Monday, August 24, 2015

Dragon cake

I made a dragon birthday cake, and since I liked the final result, here are some pictures.


It's a 4-layer chocolate cake, filled with with cream cheese chocolate buttercream and covered with marzipan and chocolate ganache. I used Callebaut chocolate, yum yum. The dragon's molded marzipan, and the words are white chocolate and milk chocolate candy melts (I was tired of tempering chocolate by then). 

Here are some in-progress pictures:
Baby dragon with no head or wings

Putting the head on (supported with dowels and toothpicks), and the front legs
Finished unpainted dragon
Melted Jolly Ranchers for eyes and claws; also did this for lava flames.
Finished dragon! Luckily he fit on the cake. Next time I'll measure first.

I like this view, that shows the wings leaning on each other. By the way, he was inspired by many online pictures, especially this one of a marzipan Smaug. And a picture of our friend's dog really helped, too.
Here's the cake covered with marzipan -- it was my first time doing it, and the marzipan cracked, but I was going to cover it with ganache anyway so I didn't worry much.
I painted the cake with red food coloring (dissolved in butter flavoring), and stuck lava flames in it. 
Note to self: don't use butter flavoring if you're painting tons of stuff. I got a huge headache from the fumes. Next time I'll just use vodka. And don't put the eyes in so early -- they kinda melt. But he really needed eyes.

Cake-making time -- Day 1: Make cake and frosting, cut and stack. Day 2: Make marzipan, cover cake, paint cake. Day 3: Sculpt and paint dragon, melt Jolly Ranchers for accents, assemble cake. Worrying time, planning time, and failed experiments not included.

Wednesday, May 13, 2015

Scavenged 100x micro lens for smartphone

I've been having the most fun time! In addition to obsessing about playing guitar, I found a website that shows how to take apart a laser pointer to make a really spiffy micro lens for a smartphone.
That clear spot in the wood is the lens from the laser pointer
I drilled a hole in some wood and pushed the lens into it, then put it up to my iphone camera. I do have a pretty good microscope at home, but this one is portable in the extreme and cheaper than I could ever dream. I'm hoping it might be useful for TM's school, since I don't know what kind of access they have to microscopes. It should work with iPads, that the school already has...

Here are some pictures!
Jersey-knit pants

This moss was really tiny!

A very cute operculum!

When I knocked off the operculum, millions of spores flipped out

Another capsule pic

Baked Bugs (what I found in the light fixture while changing light bulbs)

I really wish I knew more about insects

But I can't even come close on these

This looks like a fly to me, but so many things do.
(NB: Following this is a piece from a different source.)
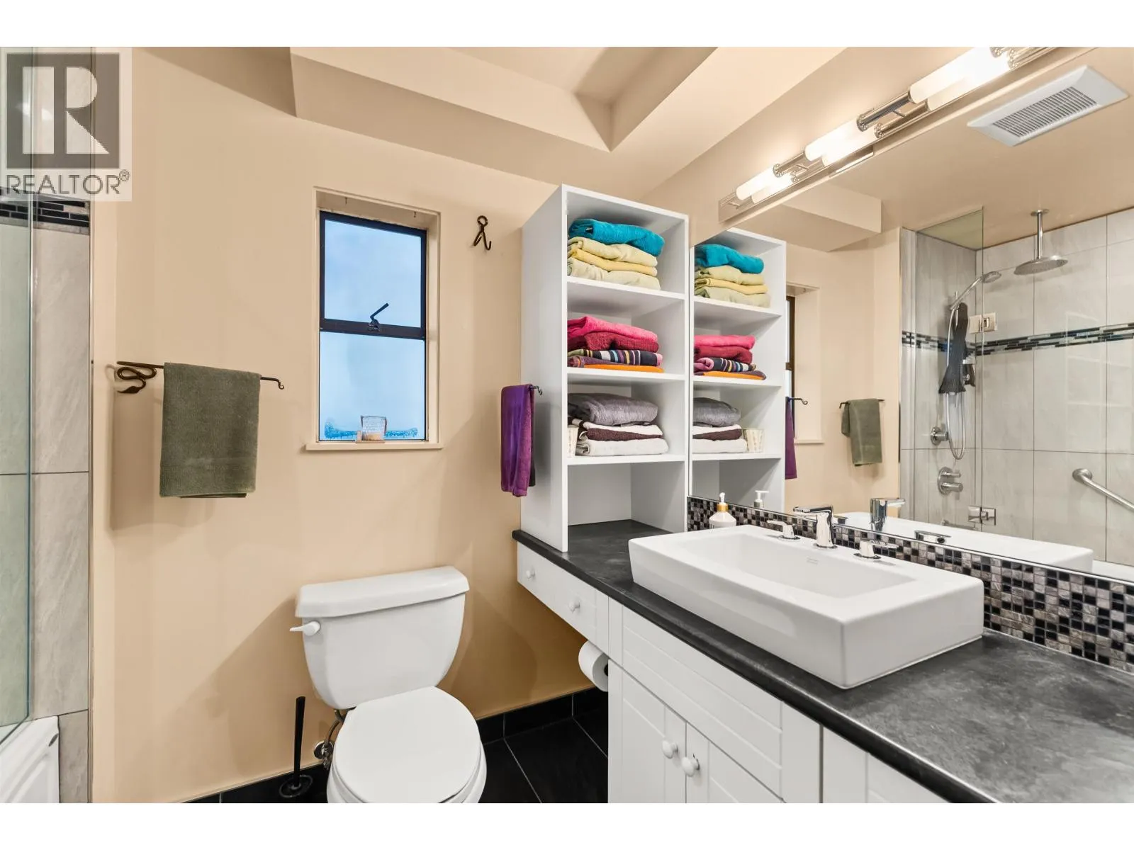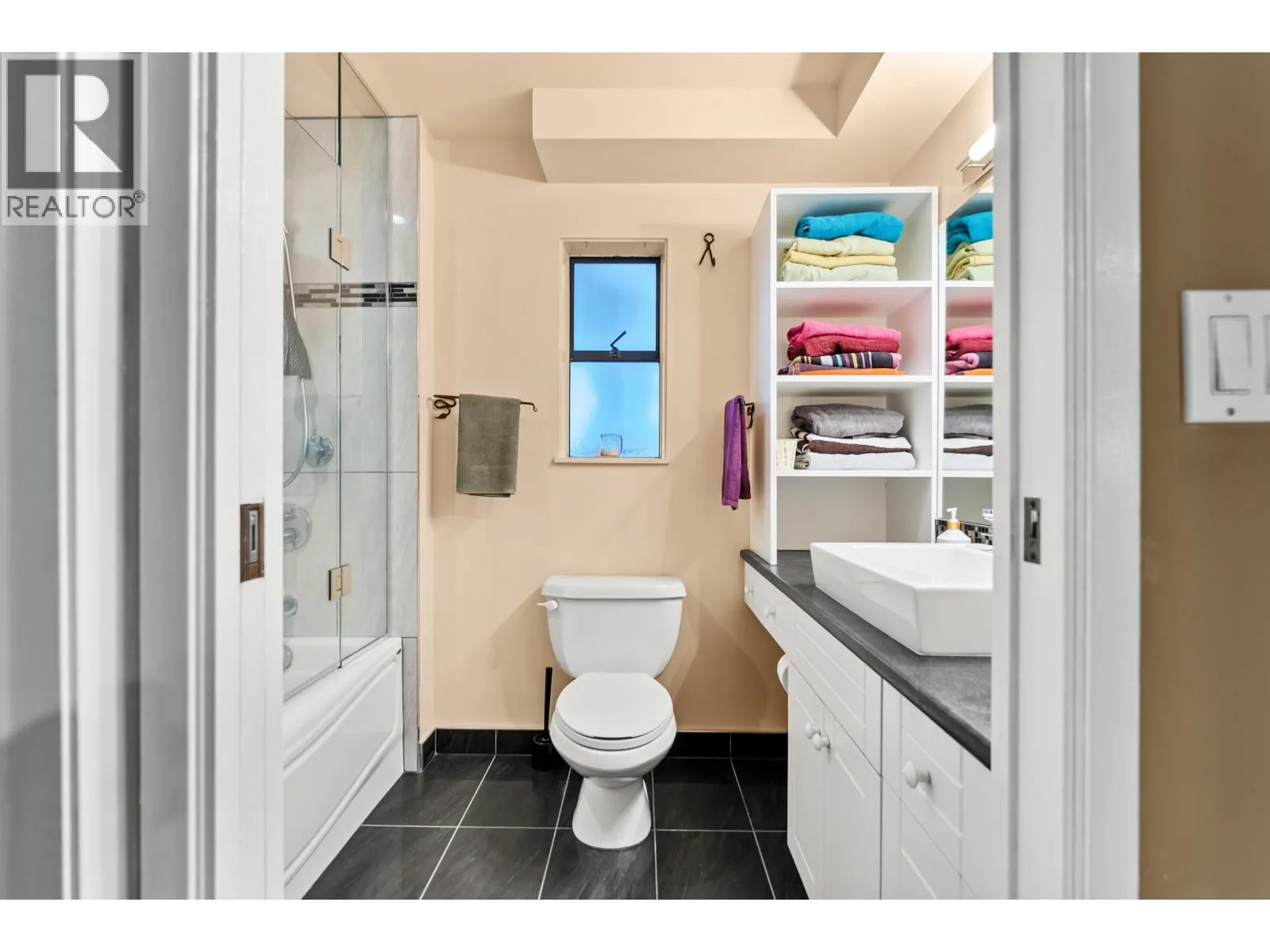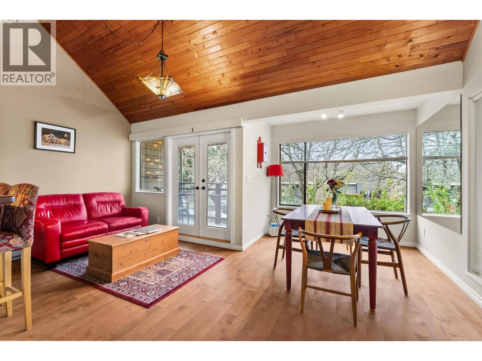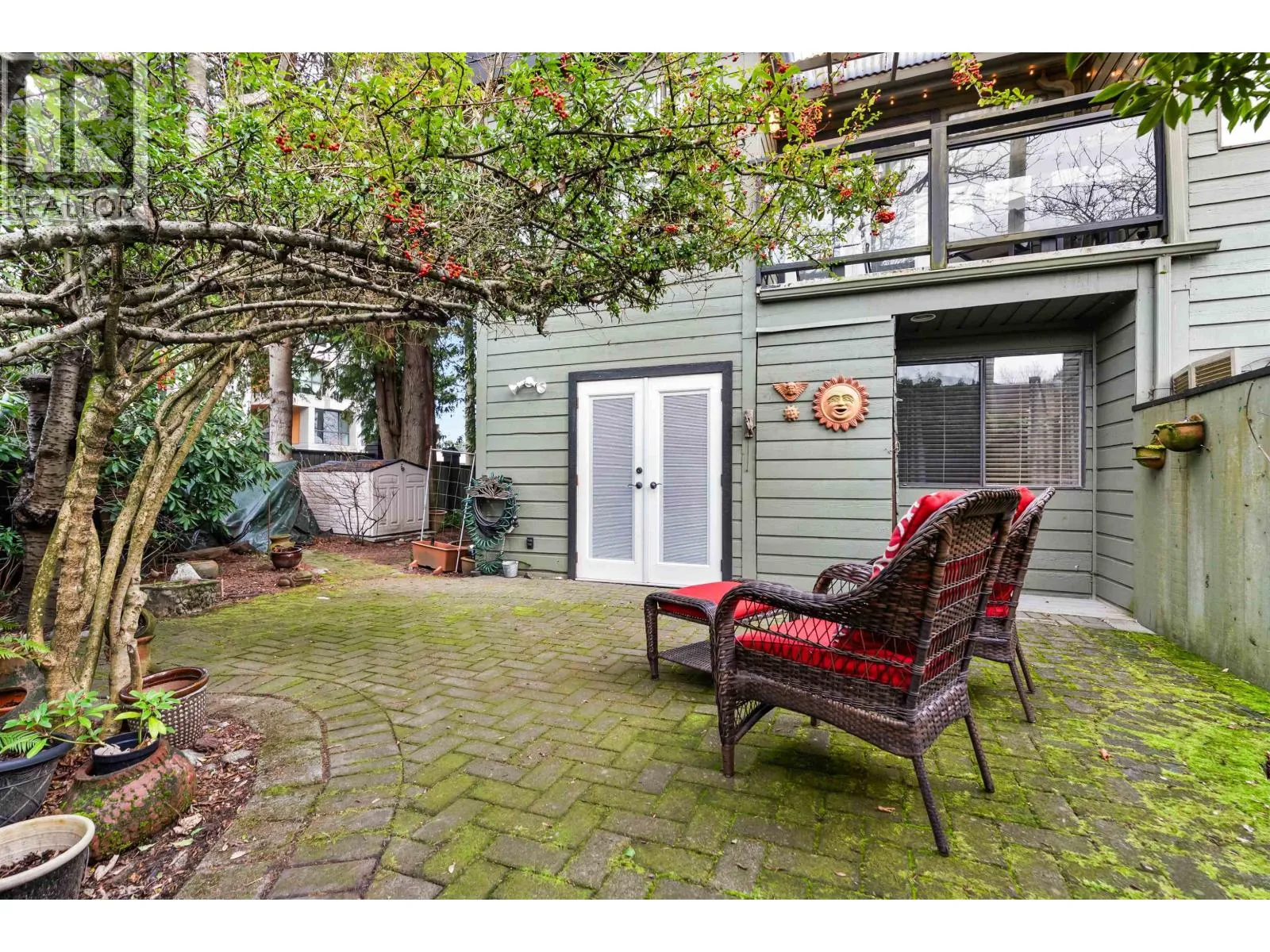 FAIRWAY VIEWS WYND! Private garden-view end-unit townhome offering 3 bedrooms and an exceptional sense of space and seclusion. The primary bedroom opens to a serene, treed patio, while a large fenced side yard provides rare outdoor flexibility for kids, pets, and entertaining. French doors and silver maple hardwood flooring add warmth and flow throughout. The well-appointed kitchen features extensive cabinetry and built-in storage - designed for real everyday living. Spa-inspired ensuite with soaker tub, rain shower, and radiant in-floor heat. The expansive living room is anchored by a wood-burning fireplace, creating an inviting gathering space. Generous upper bedroom adds versatility for guests, home office, or hobby area. Outstanding location just one block to the town centre. (id:27476)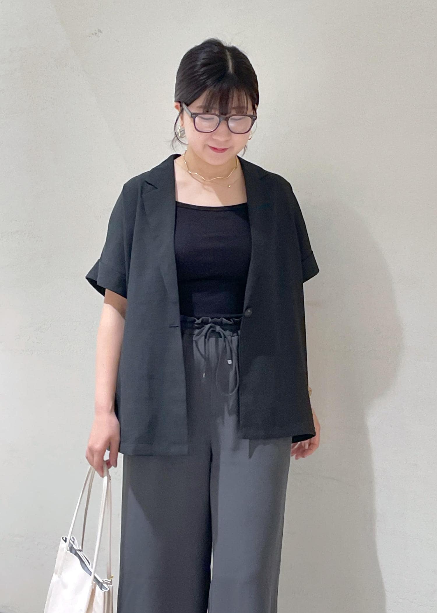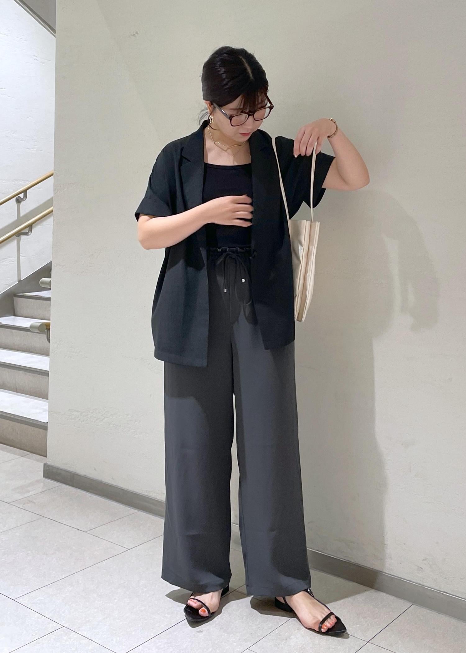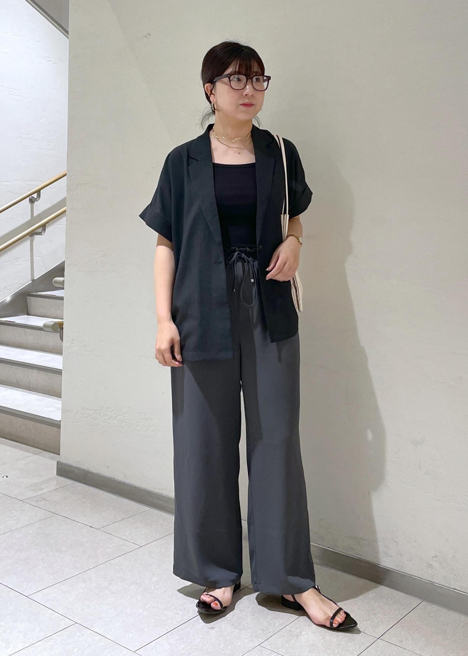 麻調ジャケットはセットでパンツがあるのですが、お腹周りやおしりが大きい私には履けなかったので、チャコールのとろみパンツを合わせてセットアップ風にしました!

It was tiny tiny tiny!

And these things are flying around my house! Just a few millimeters long.

I might have actually figured this one out, maybe -- a kind of flying aphid, invaded from another continent. Maybe.

This doesn't look like something that could get up that high. Weird.

Looks waspy, no?

Dead insects galore. Almost the size of dust.






Here we go, something more familiar! A hairy leaf vein (species unknown).

I tried to do an epidermal peel but this magnification is really not even close to high enough.

Closeup of a sunflower petal

The bottom of a sunflower petal (it's a flower of course)

An inner flower of that same sunflower

Cheerios! :)

Thread!

pencil

Tablecloth (which reminds me I should have put up pictures of things normal size for comparison)

onion peel

Apple skin (some things work better than others...this is bland)

The cat is bored

Mold on an old apple I found 

Bird poop :)

A shell from the beach

More protective leaf spines

leaf hairs

Kleenex

Really bad lighting on my purple sponge...

Friday, April 24, 2015

The love of my life

I finally got a piano! Well, that's how I justify the cost, anyway. Q took me to a luthier's shop and I played some basic classical pieces on this beauty. It was stunning. The sound is amazing. It's clear and deep and mellow. We decided it was way too expensive, and we'd wait to buy it. It was our 15th marriage anniversary on Wednesday, and Q phoned me from the mall where he was "looking for some perfume" for me. I hate perfume. What a joker. What he'd really done was pick up this guitar.



Not only is it beautiful, it's amazing. Wonderful, stunning, and intimidating. It has a 500 year old Colorado Blue Spruce top, blister Koa back, and an ebony fretboard. The builder focuses on wood and sound rather than finish, so it's not ornamented much, which suits my personality perfectly. All my musical mistakes stand out like sore thumbs when I'm playing this, but it sings like an angel. I'm really excited to finish Frederick Node Book One and move on to book two!

Q and I played Summertime together with my guitar playing bass and he with the lead on his spruce top. It was so much fun! When we get it sounding good, we'll put up a recording. So so much fun!